In general, females have an incentive to be selective about mating partners and males do not. Females can only be impregnated by one male at a time, while males can impregnate multiple females. Therefore, in the case of a female, any given mating is replacing another potential mating opportunity, while in the case of a male, any given mating is in addition to other potential mating opportunities.

In that context, it’s possible that the current situation that you note is a cultural one resulting from monogamy.

Well, I wouldn’t take monogamy for granted either. It’s certainly a cultural norm but not necessarily a built-in characteristic of the species. We don’t do it very well, on the one hand, and alongside of that, we have adequate reason to see it as an artificially imposed cultural behavior — the whole “property inheritance” thing, which can only be as recent as inheritable property.
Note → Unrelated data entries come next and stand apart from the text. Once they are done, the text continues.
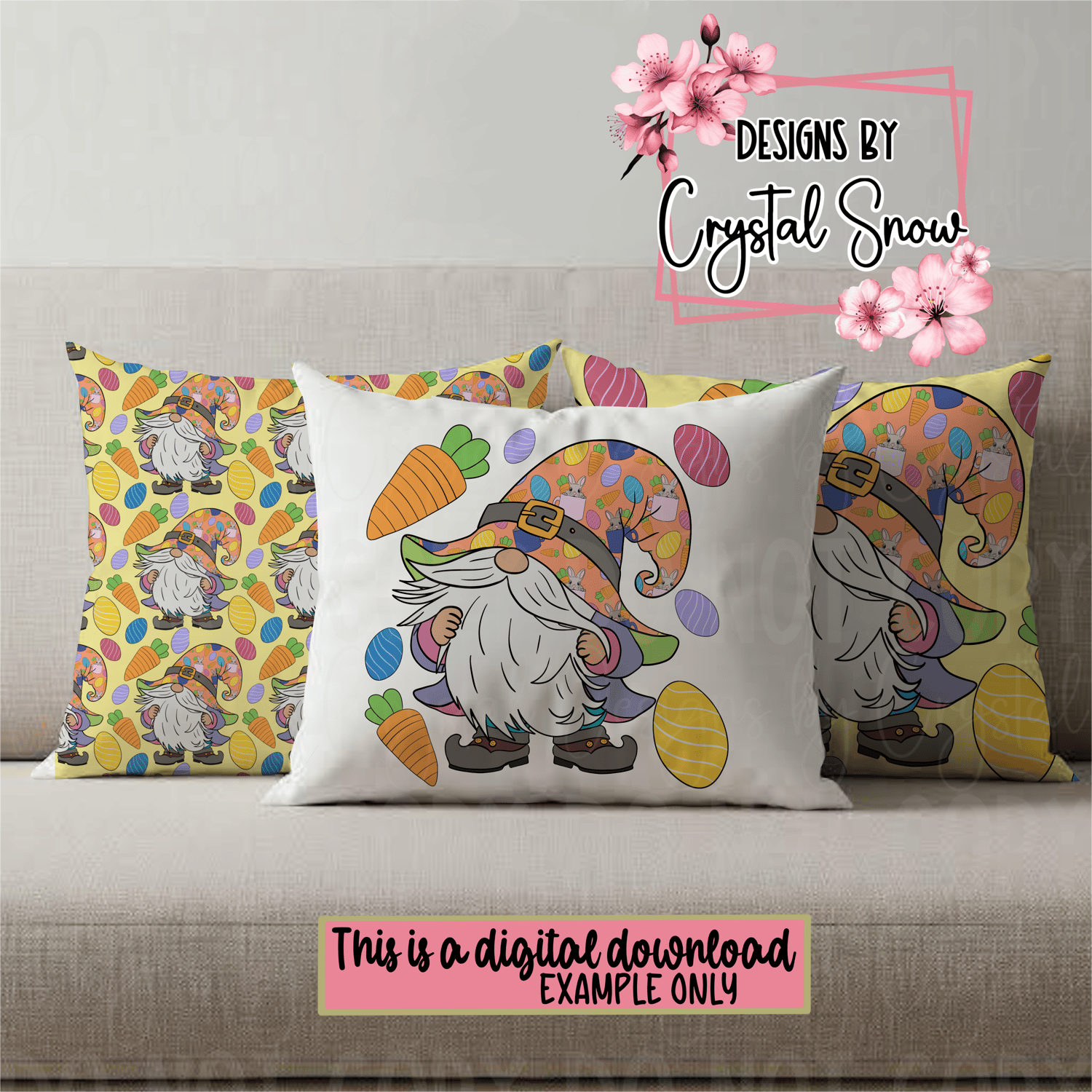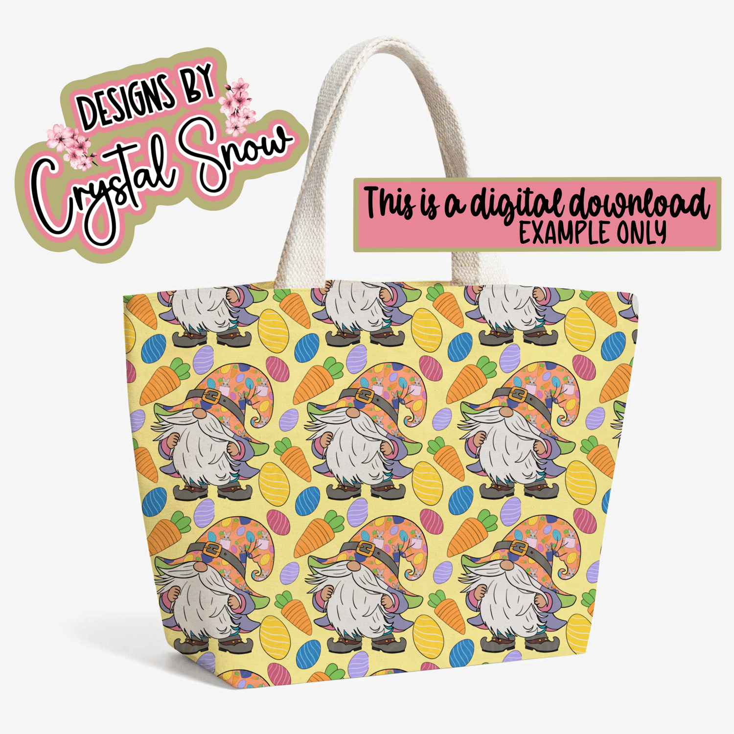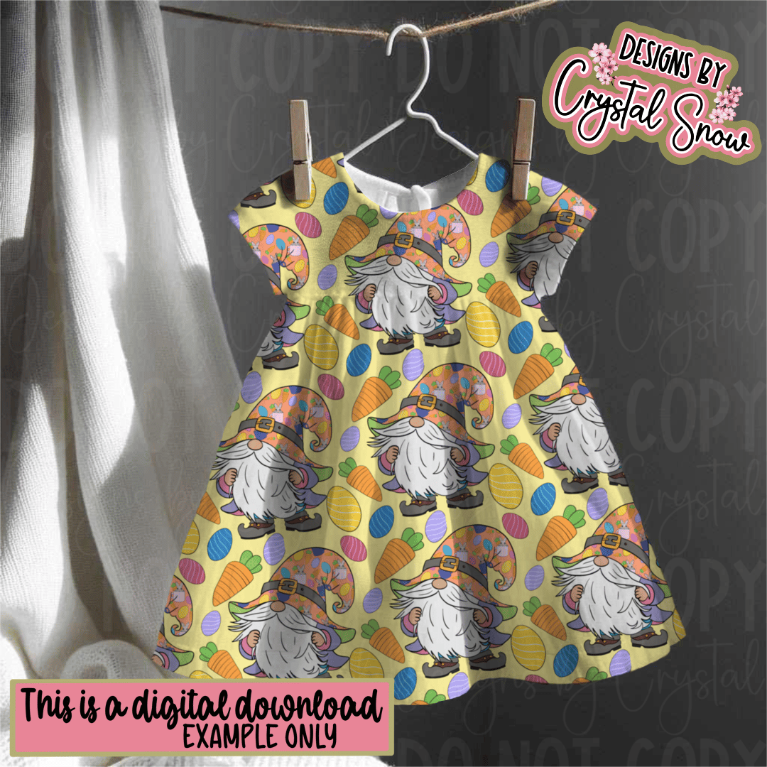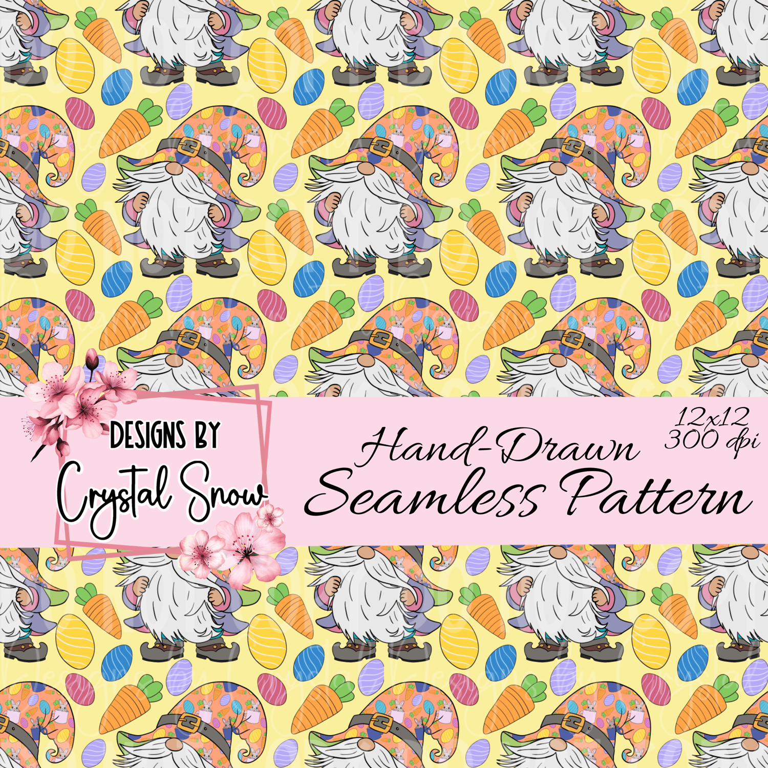 This hand-drawn 12x12 seamless tile features a whimsical Easter gnome rocking a festive carrot-and-bunny-covered hat, surrounded by colorful eggs and plump orange carrots. The soft yellow background gives it a bright, joyful spring feel—perfect for all your Easter-themed crafts.
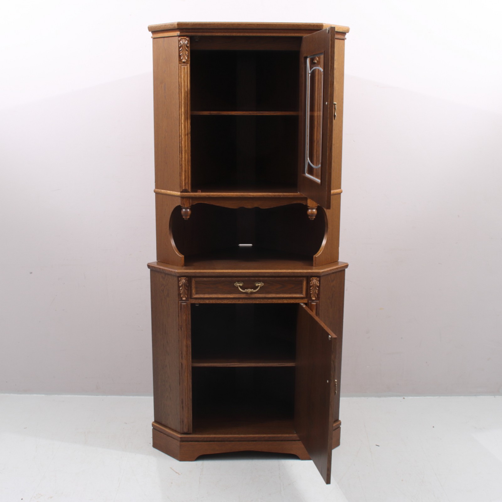 HÖRNSKÅP MED VITRINÖVERDEL
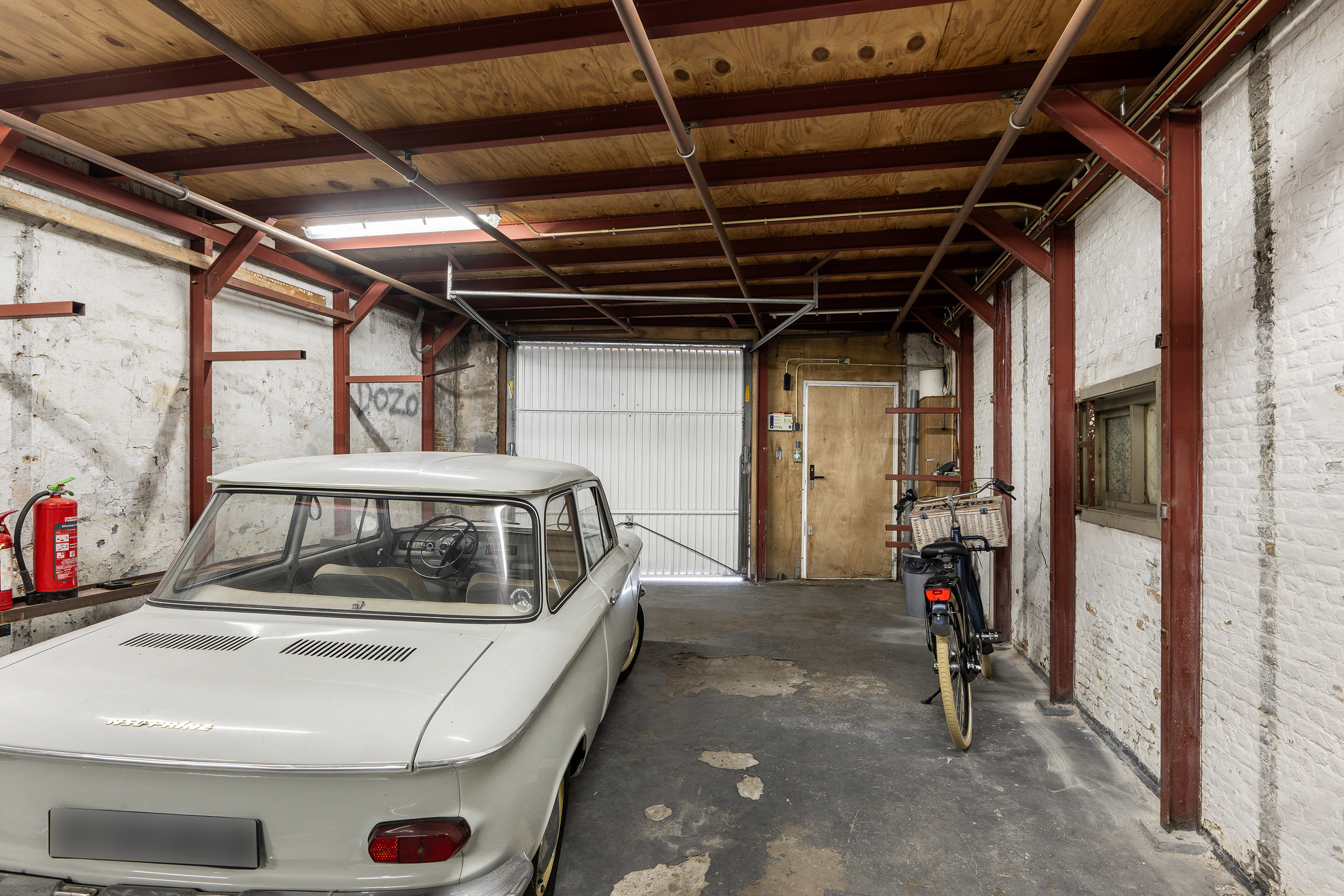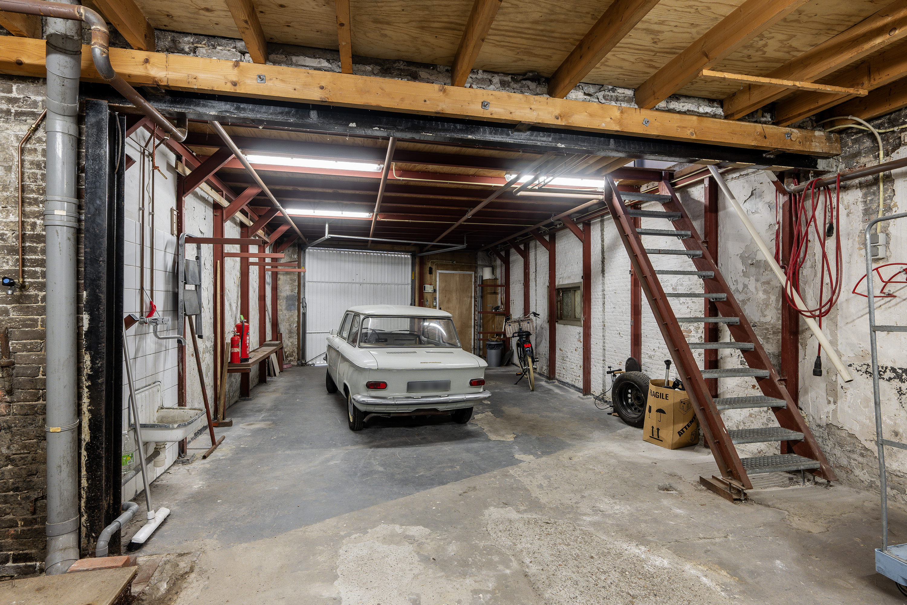 De garage is op de begane grond maar liefst 67m2 groot. Op de eerste verdieping is er nog ca. 34m2 aan gebruiksoppervlakte ingedeeld in een overloop, voorkamer en achterkamer.
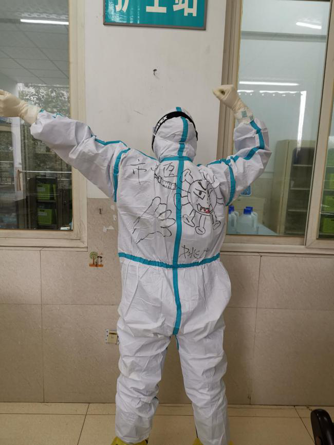 模糊不清的護(hù)目鏡,口罩在臉上留下的一道道壓痕,讓我總是大汗淋漓的密不透風(fēng)的防護(hù)服,讓病房的婆婆一見(jiàn)我們就心跳加速,血壓升高。她神情惶恐的說(shuō):看著我們就害怕,穿的像是全副武裝的“恐怖分子”。在這種封閉的環(huán)境下,我們除了應(yīng)用自己專業(yè)的知識(shí)護(hù)理患者外,更應(yīng)該多與患者交流,多開導(dǎo),多鼓勵(lì),多關(guān)心,心理護(hù)理也是治愈他們的良藥。

See Christopher Ryan’s Sex at Dawn for elaboration.

The evolutionary biology answer to OP’s question lies in Parental Investment Theory. The “choosy” sex is generally the one that commits most resources to procreation - most often the female. In many species, the male contributes little more than sperm. And since the male does not commit much time or resources, there is little reason for females to compete with one another for the best males - a “good” male can easily mate with multiple females.

But the situation with humans is more nuanced. Women are still certainly “choosy” about the characteristics of their partner. But humans have unusually high Male Parental Investment - we are an extreme outlier in this respect. Humans are generally monogamous, and human males commit immense resources over a very long period to raising the offspring of a specific female to the exclusion of other females. Thus, unlike species with minimal Male Parental Investment, there is good reason for human females to compete with one another to attract the dedicated resources of the best males, those males who have the resources and temperament to be committed fathers.